In non-uniform circular motion are centripetal acceleration and tangential acceleration independent of each other?

Question

In non-uniform circular motion, the centripetal acceleration and tangential acceleration are perpendicular to each other, but does that mean that they don't affect each other because centripetal acceleration depends on velocity (=$v^2/r$) and tangential acceleration's direction (i.e., whether it will act along the direction of motion or opposite to the direction of motion) also depends upon the change in velocity. So are they dependent on each other or not?

Answer 1

Let's look at the general acceleration vector in polar coordinates$^*$:

$$\mathbf a=\left(\ddot r-r\dot\theta^2\right)\hat r+\left(r\ddot\theta+2\dot r\dot\theta\right)\hat\theta$$

If we want our object to remain on the same circle, which I'm assuming this is what you are interested in, we must have $\dot r=0$ and $\ddot r=0$. This means our acceleration must have the form: $$\mathbf a=-r\dot\theta^2\hat r+r\ddot\theta\hat\theta$$

Since, by Newton's laws, the acceleration vector is proportional to the force via the mass $m$ of our particle, we see that we need a radial force magnitude$^{**}$ of $$F_r=-mr\dot\theta^2$$ and a tangential force magnitude of $$F_\theta=mr\ddot\theta$$

Because we are confined to move around a single circle we can determine the role of each force. The radial force must only be responsible for changing the direction of the velocity, since if it could effect the speed then this means the object would have to change its $r$ coordinate, hence knocking us off the circle. Similarly, the tangential force must only be responsible for changing the speed of the particle as it moves around the circle, since if it could effect the direction of the velocity then it would do so by knocking us off the circle.

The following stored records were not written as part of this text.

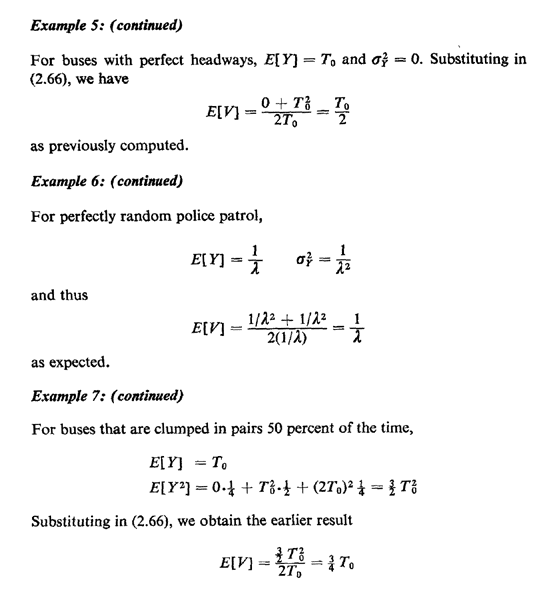 Suppose that buses along a particular route are on schedule "half the time" and "clumped" together in pairs the other half of the time. That is, for 50 percent of the day (which 50 percent is unpredictable), the bus headways are exactly T0. For the remaining 50 percent of the day, (crowded) buses arrive in pairs, the time between each pair being 2T0. Note that in this case, given paired buses, half of the bus interarrival times are 2T0 and half are 0 (!), because of zero elapsed time between two paired buses. Thus,
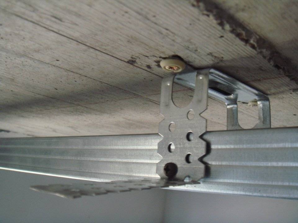 При кажущейся простоте работы, монтаж идеального каркаса из деревянных брусьев усложняется из-за, имеющихся в них дефектов. Легче всего возвести каркас из металлопрофиля для гипсокартонных листов. Кроме того, если, основа потолочной поверхности бетонная, то предпочтительнее использовать именно металлопрофиль. Выбирается он хорошего качества с толщиной железа не менее 0,4 мм.
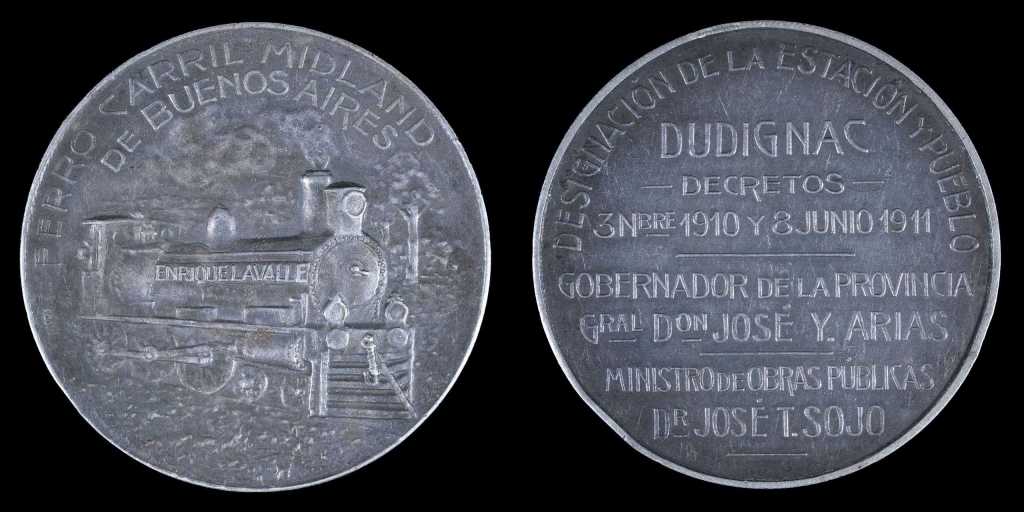 Continuando con distintas regiones de nuestro país, tenemos la medalla de la inauguración del ramal Clodomira-La Banda, que integró el centro de Santiago del Estero con la red ferroviaria nacional. La Banda, ubicada frente a la capital provincial, era nodo estratégico para el transporte de algodón, madera y ganado:

You can probably tell by now that if we want to stay on the circle, these forces are required to be "linked", in a sense. Indeed, if you take the time derivative of $F_r$ and use the requirement that $\dot r=0$, you will find that $$\frac{\text dF_r}{\text d t}=-2\dot\theta F_\theta$$ showing that the presence of a tangential force requires a change in the magnitude of the radial force in order for the particle to remain on the circle (or, on the flip side, a change in the magnitude of the radial force must be accompanied by a tangential force).

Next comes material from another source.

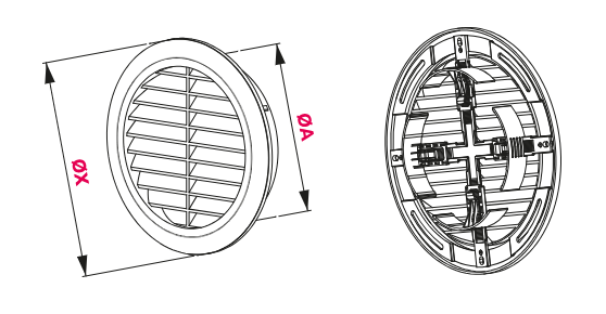 Вентилационните решетки са неразделни елементи на вентилационна система. Работата й като цяло зависи от правилния избор на компонентите за контрол на движението на въздуха във и извън помещението. Широката гама от вентилационни решетки и модерният им функционален дизайн, позволява намирането на оптимално решение за всеки интериор. Използването на висококачествена суровина осигурява дълготрайност на продуктите, работещи вътре и извън помещенията. Вентилационните решетки се предлагат в различни размери с кръгла форма. Инсталираната найлонова мрежа предпазва вентилационните канали от навлизането на различни насекоми.

What if this condition is not met? Well, looking at the derivative of $F_r$ without the condition that $\dot r=0$, we must have $$-m\dot r\dot\theta^2\neq 0$$ This means that $\dot r\neq0$, which means we are no longer engaging in circular motion. Therefore, we need these two force components to be linked in this way to keep the motion circular.

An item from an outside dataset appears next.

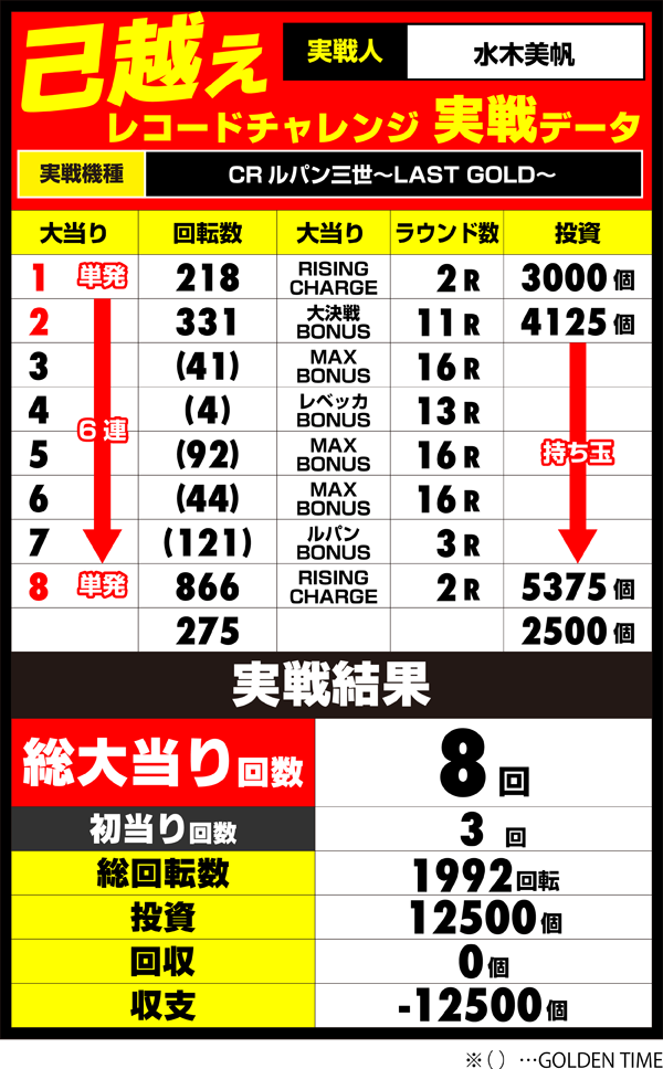 調子がよかったのは最初だけで、後半はヒキの弱さが目立つといった残念な結果でチャレンジは大失敗。
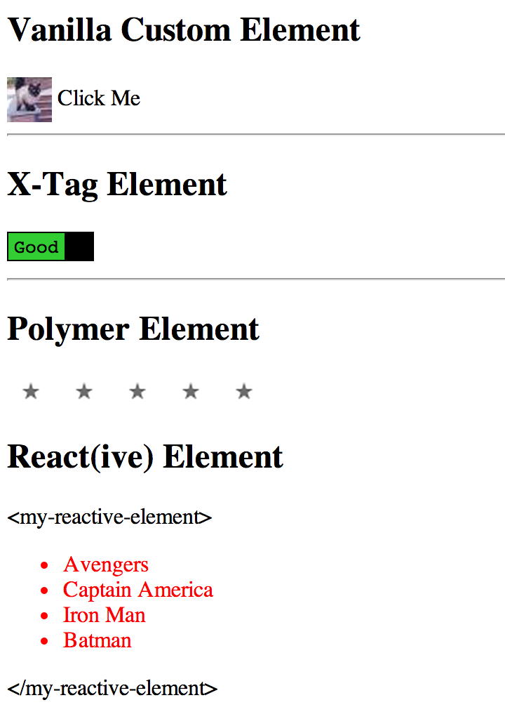 Note: Examples using the above Reactive element with native Custom Elements, Polymer and X-Tag are available.

A subtle point remains to be cleared up (as realized in comments to other answers). This does not necessarily mean that these forces are physically linked in general. This answer assumes we have an object undergoing non-uniform circular motion, and then investigates what must be true about the forces acting on the object. However, there could be situations where the radial and tangential force are not physically linked, at which point to achieve non-uniform circular motion you would have to make these forces act in such a way so that non-uniform circular motion is achieved.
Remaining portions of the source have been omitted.